How can I get to the last node of the linked list that has x numbers of nodes by using multiple arrow operators(->)?
I am curious how I can express do the -> operation x times in my codes
pseoudo code p (->next)*x
I want to make p->link->link->..... I want to do this x times WITHOUT USING p=p->link
CodePudding user response:
you can use recursion:
struct List
{
struct List *next;
};
struct List *findLast(struct List *node)
{
if(node -> next) return findLast(node -> next);
return node;
}
struct List *findNth(struct List *node, size_t N)
{
if(N && node -> next) return findLast(node -> next, N - 1)
if(!N) return node;
return NULL;
}
CodePudding user response:
Looks to me like you just want some kind of an iterated next function or macro/inline-function where your p=p->next is encapsulated.
struct list { struct list *next; };
struct list *iterated_next(struct list *p, int x){
for(int i=0; i<x;i ) p=p->next; return p;
}
I don't the point in avoiding p=p->next. It's just notation.
If it's encapsulated, it doesn't have any effect observable from outside.

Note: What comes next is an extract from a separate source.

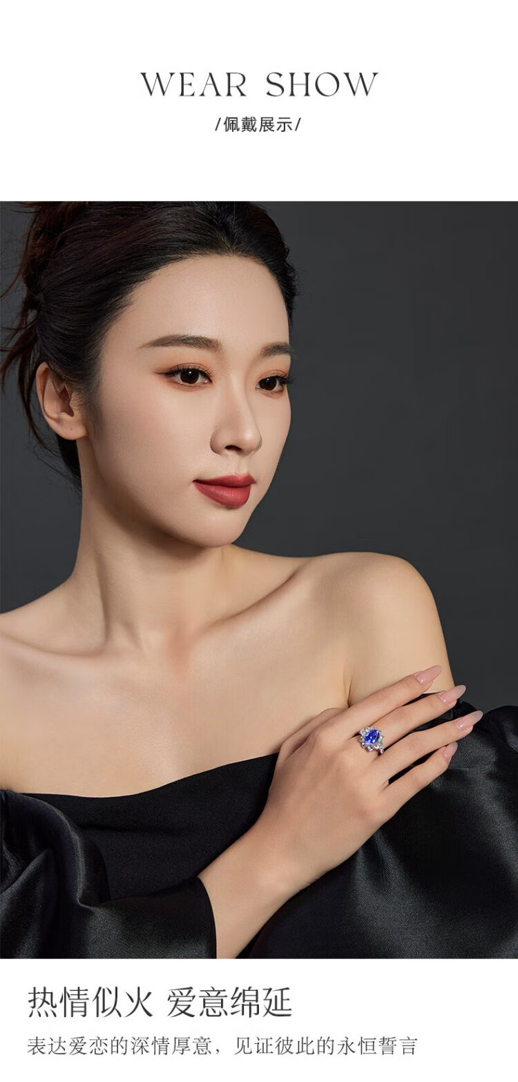 Yicai Meteor Fireworks Natural Gemstone Tanzanite Ring Women's 18K Gold Inlaid Birthday Gift for Girlfriend Boutique 3.76 Carat Size 9-17
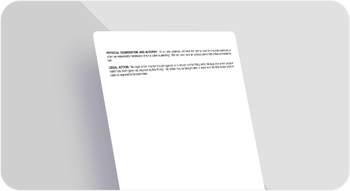 PHYSICAL EXAMINATION AND AUTOPSY: At our own expense, we have the right to have the Insured examined as often as reasonably necessary when a claim is pending. We can also have an autopsy performed unless prohibited by law. LEGAL ACTION: No legal action may be brought against us to recover on this Policy within 60 days after written proof of claim has been given as required by this Policy. No action may be brought after 3 years from the time written proof of claim is required to be submitted. LRS-9547-0318-IN Page 11.1

With the above, notice that if you then do:
struct list *iterated_next3(struct list *p){
return iterated_next(p,3);
}
on either gcc and clang with optimizations on (the small iteration count will make optimizing compilers want to inline the function and unroll the loop), you will get (x86_64):
iterated_next3:
movq (%rdi), %rax
movq (%rax), %rax
movq (%rax), %rax
ret
which is absolutely the same thing as what you'd get from (https://gcc.godbolt.org/z/zM684oxex):
struct list *iterated_next3_(struct list *p){
return p->next->next->next;
}
, reinforcing the point that insisting on no p=p->next is not a very reasonable requirement.
Of course, you can achieve the same effects with a recursion-based iterated_next and without a spelled-out p=p->next (see 0___________'s answer), but that's tail recursion, which will want to get optimized into an effective while loop anyway, so I'd stick to a p=p->next loop as I find that more descriptive of the algorithm.